Despite the differing views on the ASO, the three phased switch-off was adopted as follows:-


  • Phase 1: December 31,2014: Analogue TV transmitters in Nairobi and its environs shall be switched off .


  • Phase 2: February 2,2015: Switch off of analogue TV transmitters in Mombasa, Malindi, Nyeri, Meru, Kisumu, Webuye, Kakamega, Kisii, Nakuru, Eldoret, Nyahururu (Nyadundo), Machakos, Narok and Loldiani (Rongai)


  • Phase 3: March 30,2015: Switch off of analogue TV transmitters in Garissa, Kitui, Lodwar, Lokichogio, Kapenguria, Kabarnet, Migori, Voi (Vuria), Mbwinzau/Kibwezi, Namanga and any other remaining sites


On the same day, the CA held a Press Conference and officially announced the above-mentioned ASO dates.  Following the announcement, the three media houses continued to run negative publicity regarding the ASO dates.


The Authority in exercise of its mandate has taken various steps to ensure that the Digital Migration Process is implemented in a reasonable way bearing in mind the interests of all stakeholders in the industry and the interests of the people of Kenya.
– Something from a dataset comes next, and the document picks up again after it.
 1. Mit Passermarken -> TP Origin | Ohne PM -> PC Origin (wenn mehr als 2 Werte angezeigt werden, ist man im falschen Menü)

  1. DO YOU REQUIRE A SPECIFIC SET TOP BOXES (STB) TO RECEIVE FTA CHANNELS                                                                                                                              Consumers do not need a specific Set Top Box to receive and watch Free-to-Air (FTA) channels. Any Type approved FTA set Top Box should be able to receive all Free to air channels.
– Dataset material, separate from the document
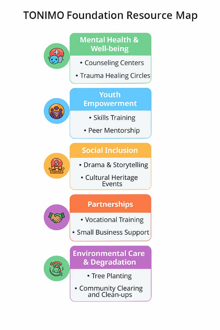 Through this program, TONIMO Foundation places youth at the heart of healing and change in Alebtong. By building resilience, promoting mental well-being, and equipping young people with practical skills, we are nurturing a generation that will transform trauma into leadership, despair into hope, and exclusion into lasting inclusion.

The Authority Approves set top boxes and Integrated Digital TVs for use in Kenya, details are available on the Digital Kenya website:



 The Authority has embarked on massive Consumer Awareness campaigns across the country to empower the Consumers using various platforms including; Agricultural Society of Kenya (ASK) Shows and Exhibition, County ICT Consumer Forums, Road Shows, Interviews in Electronic & Print media, Advertisements on Electronic & Print including Bill Boards, SMSs, on-line platforms among others


The Authority has licensed over 60 Set Top Box Vendors to stimulate competition in the market. This has resulted into making the STBs more accessible and affordable.